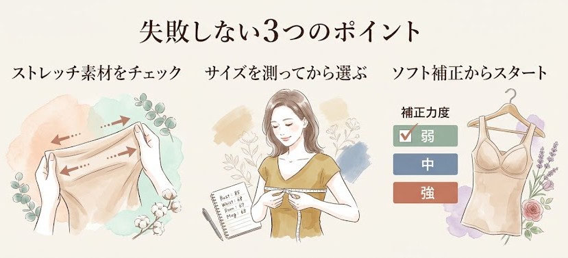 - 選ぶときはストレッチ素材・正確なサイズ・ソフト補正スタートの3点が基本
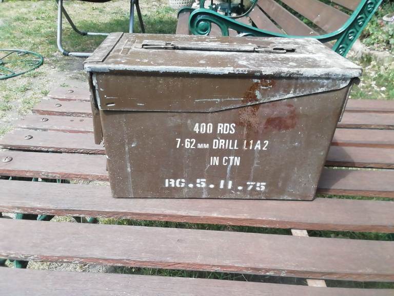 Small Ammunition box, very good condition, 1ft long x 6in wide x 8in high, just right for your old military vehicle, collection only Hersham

* * * * * * * * *

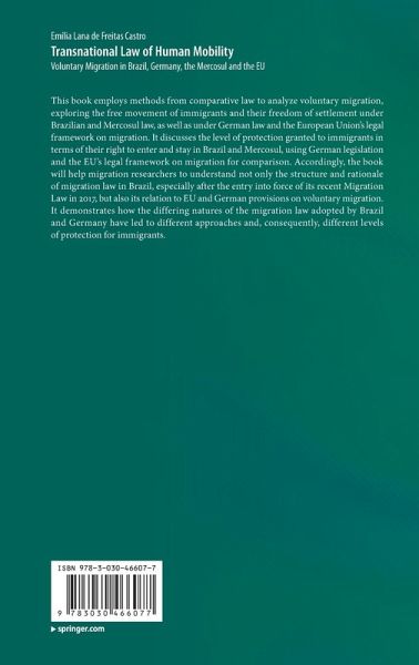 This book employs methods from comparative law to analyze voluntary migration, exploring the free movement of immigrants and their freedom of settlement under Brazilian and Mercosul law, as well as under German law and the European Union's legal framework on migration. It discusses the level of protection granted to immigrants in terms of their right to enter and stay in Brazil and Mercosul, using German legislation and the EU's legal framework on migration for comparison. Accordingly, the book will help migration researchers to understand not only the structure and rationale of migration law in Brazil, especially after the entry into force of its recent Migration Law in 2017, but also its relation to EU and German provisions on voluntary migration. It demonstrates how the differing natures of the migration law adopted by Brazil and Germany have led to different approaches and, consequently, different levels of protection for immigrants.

* * * * * * * * *

» **Work to complete**
Please return the data above exactly as it stands from the line with "- 選ぶときはストレッチ素材・正確なサイズ・ソフト補正スタートの3点が基本" to the line with "Small Ammunition box, very", keeping both of those lines but none of the pictures.

» **Finished exercise**
 - 選ぶときはストレッチ素材・正確なサイズ・ソフト補正スタートの3点が基本
 Small Ammunition box, very good condition, 1ft long x 6in wide x 8in high, just right for your old military vehicle, collection only Hersham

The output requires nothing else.